Material provided.
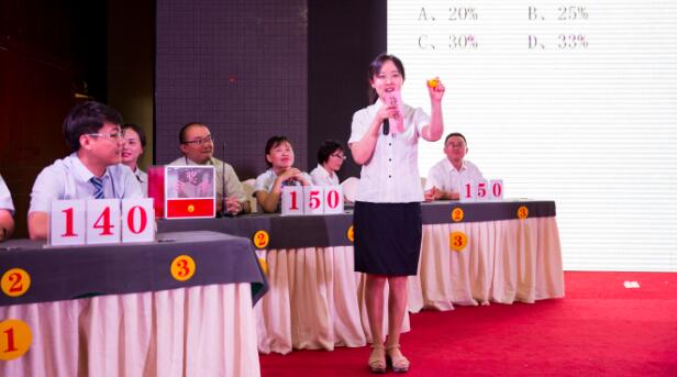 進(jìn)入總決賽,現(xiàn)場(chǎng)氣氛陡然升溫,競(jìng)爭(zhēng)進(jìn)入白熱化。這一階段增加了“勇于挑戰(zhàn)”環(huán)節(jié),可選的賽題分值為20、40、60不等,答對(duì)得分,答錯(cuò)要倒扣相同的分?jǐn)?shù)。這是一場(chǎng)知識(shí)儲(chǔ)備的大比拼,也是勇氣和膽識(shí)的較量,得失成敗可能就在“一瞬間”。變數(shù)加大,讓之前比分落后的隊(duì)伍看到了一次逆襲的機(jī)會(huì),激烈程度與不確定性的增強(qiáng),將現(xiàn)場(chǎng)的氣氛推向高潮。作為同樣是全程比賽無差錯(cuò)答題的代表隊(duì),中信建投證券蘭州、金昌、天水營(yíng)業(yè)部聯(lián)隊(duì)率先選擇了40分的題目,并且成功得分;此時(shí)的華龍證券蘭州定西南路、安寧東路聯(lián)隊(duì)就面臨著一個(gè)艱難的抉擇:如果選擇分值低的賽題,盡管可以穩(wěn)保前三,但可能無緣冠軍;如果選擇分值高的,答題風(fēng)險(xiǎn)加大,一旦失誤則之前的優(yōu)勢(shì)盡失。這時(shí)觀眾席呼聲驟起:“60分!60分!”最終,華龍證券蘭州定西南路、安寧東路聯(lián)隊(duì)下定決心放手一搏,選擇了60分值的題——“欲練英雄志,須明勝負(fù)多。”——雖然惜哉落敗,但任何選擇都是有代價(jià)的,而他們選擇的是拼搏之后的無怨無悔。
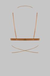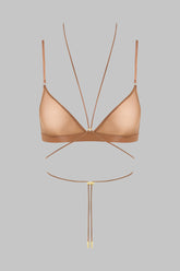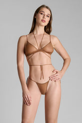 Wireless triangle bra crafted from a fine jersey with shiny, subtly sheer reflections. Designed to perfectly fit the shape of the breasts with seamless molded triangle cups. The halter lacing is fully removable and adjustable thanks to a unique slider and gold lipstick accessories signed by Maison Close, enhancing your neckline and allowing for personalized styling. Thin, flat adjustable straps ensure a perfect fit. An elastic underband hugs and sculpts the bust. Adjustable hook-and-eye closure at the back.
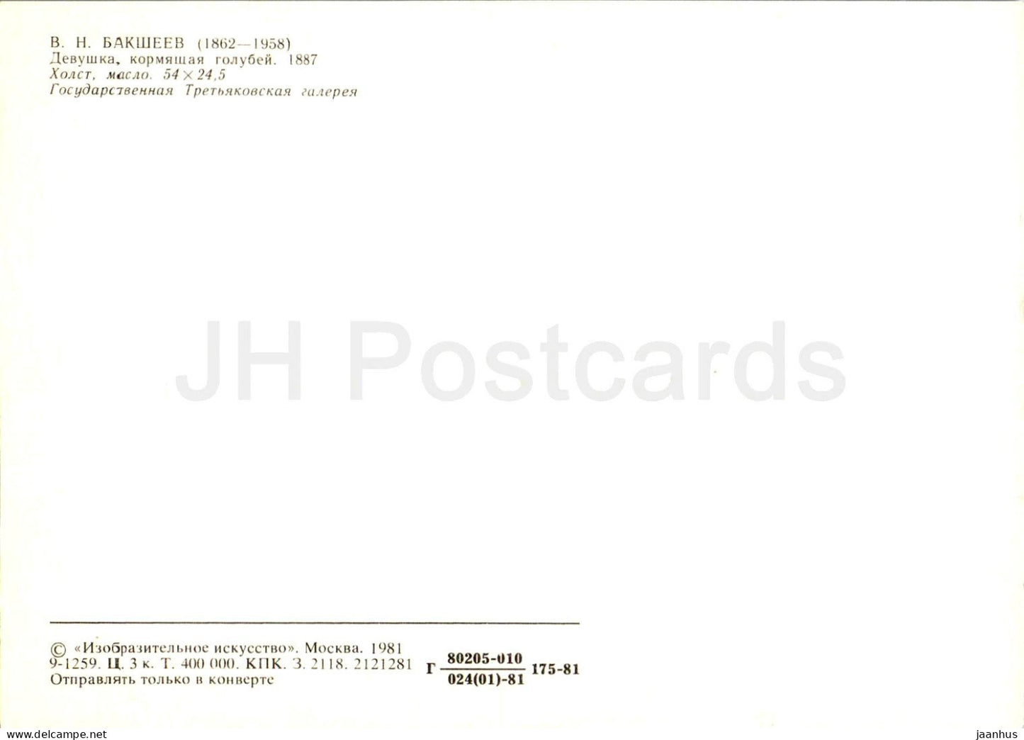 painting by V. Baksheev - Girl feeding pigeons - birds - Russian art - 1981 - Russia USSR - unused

Task to complete. Return every line above word for word, minus images.

Answer for this exercise.
 進(jìn)入總決賽,現(xiàn)場(chǎng)氣氛陡然升溫,競(jìng)爭(zhēng)進(jìn)入白熱化。這一階段增加了“勇于挑戰(zhàn)”環(huán)節(jié),可選的賽題分值為20、40、60不等,答對(duì)得分,答錯(cuò)要倒扣相同的分?jǐn)?shù)。這是一場(chǎng)知識(shí)儲(chǔ)備的大比拼,也是勇氣和膽識(shí)的較量,得失成敗可能就在“一瞬間”。變數(shù)加大,讓之前比分落后的隊(duì)伍看到了一次逆襲的機(jī)會(huì),激烈程度與不確定性的增強(qiáng),將現(xiàn)場(chǎng)的氣氛推向高潮。作為同樣是全程比賽無差錯(cuò)答題的代表隊(duì),中信建投證券蘭州、金昌、天水營(yíng)業(yè)部聯(lián)隊(duì)率先選擇了40分的題目,并且成功得分;此時(shí)的華龍證券蘭州定西南路、安寧東路聯(lián)隊(duì)就面臨著一個(gè)艱難的抉擇:如果選擇分值低的賽題,盡管可以穩(wěn)保前三,但可能無緣冠軍;如果選擇分值高的,答題風(fēng)險(xiǎn)加大,一旦失誤則之前的優(yōu)勢(shì)盡失。這時(shí)觀眾席呼聲驟起:“60分!60分!”最終,華龍證券蘭州定西南路、安寧東路聯(lián)隊(duì)下定決心放手一搏,選擇了60分值的題——“欲練英雄志,須明勝負(fù)多。”——雖然惜哉落敗,但任何選擇都是有代價(jià)的,而他們選擇的是拼搏之后的無怨無悔。
 Wireless triangle bra crafted from a fine jersey with shiny, subtly sheer reflections. Designed to perfectly fit the shape of the breasts with seamless molded triangle cups. The halter lacing is fully removable and adjustable thanks to a unique slider and gold lipstick accessories signed by Maison Close, enhancing your neckline and allowing for personalized styling. Thin, flat adjustable straps ensure a perfect fit. An elastic underband hugs and sculpts the bust. Adjustable hook-and-eye closure at the back.
 painting by V. Baksheev - Girl feeding pigeons - birds - Russian art - 1981 - Russia USSR - unused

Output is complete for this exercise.